Search Unity

(long term) Feature Request: Inference/Performance-Evaluation steps during training

Discussion in 'ML-Agents' started by unity_-DoCqyPS6-iU3A, Sep 17, 2020.

  1. unity_-DoCqyPS6-iU3A

    unity_-DoCqyPS6-iU3A

    Joined:
    Aug 18, 2018
    Posts:
    26
    Hello everyone,

    I've been tweaking my environment and playing with hyperparameters for quite some time, and finally reached a point where I'm moderately confident that training my agent could succeed.

    Pretraining my agent on a more general problem against a "null agent" finished, and I've taken those weights as initialization for a ghost-trainer setup.

    I have now started a multi-day-training and check in from time to time to see how my agents are doing.

    The "problem" I'm having is that I can't really tell (except visually) if my agents are improving. Since agent and opponent should both be getting better, the reward stays almost constant. And ELO-Ratings are nice, but may it be for unfamiliarity with the rating-system or because my ELO-Rating is fluctuating quite a bit (probably more debugging required), I don't like that metric very much yet.

    It would be nice to be able to evaluate the performance of my agent on a defined set of conditions from time to time.

    I'm thinking about an extra "evaluation" section in a yaml file, that would define
    -at which interval (in steps) the evaluation should be run
    -how many episodes or steps should be run for the evaluation (tensorflows "smoothing" function will probably average the different episodes nicely)
    -the environment parameters for the evaluation
    -for ghost trainer: the path of a NN-file? Or maybe even just a switch that defines that the heuristic brain should be used?

    Multiple parameter sections could be defined, so that the agent is evaluated on multiple sets of parameters. Each set of evaluation-results would get their own prefix "evalation1/", "evaluation2/", ... in tensorboard

    I can also imagine that this metric would be interesting to watch for curriculum training as well. I'd think that as training progresses the agent continously gets better at the "current lesson", but will not have peak-performance at the last lesson (the ultimate goal).
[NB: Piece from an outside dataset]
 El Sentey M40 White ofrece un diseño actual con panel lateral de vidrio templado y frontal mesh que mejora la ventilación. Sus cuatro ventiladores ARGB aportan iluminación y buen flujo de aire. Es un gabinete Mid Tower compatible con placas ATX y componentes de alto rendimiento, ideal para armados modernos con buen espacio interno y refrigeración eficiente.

Also the agent will probably get worse at parameters of older lessons over time.

    Evaluation sets could also indicate overfitting, as the agent will likely get worse at generalizing.
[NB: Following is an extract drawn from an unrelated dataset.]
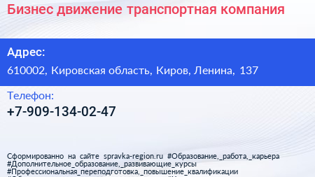 Бизнес движение, транспортная компания по адресу 610002, Кировская область, Киров, Ленина, 137 в дальнейшем Организация, размещена в следующих категориях:

    Maybe I'm the only one finding this feature useful. Or maybe somebody shares my opinion on this, but it will take some time to implement.
    But hey, my oldest ml-agents file here are from March 2018, and I've seen mlagents improve with every version. I'm here for the long run :)
     
  2. mbaske

    mbaske

    Joined:
    Dec 31, 2017
    Posts:
    473
    Are you using the stats recoder?
    https://github.com/Unity-Technologi...ng-Environment-Design.md#recording-statistics
    I made it a habit to write a whole bunch of custom metrics to tensorboard, which helps a lot with keeping track of the training progress in detail.
     
  3. unity_-DoCqyPS6-iU3A

    unity_-DoCqyPS6-iU3A

    Joined:
    Aug 18, 2018
    Posts:
    26
    Yes!
    I only discovered it recently, but I find it *very* helpful.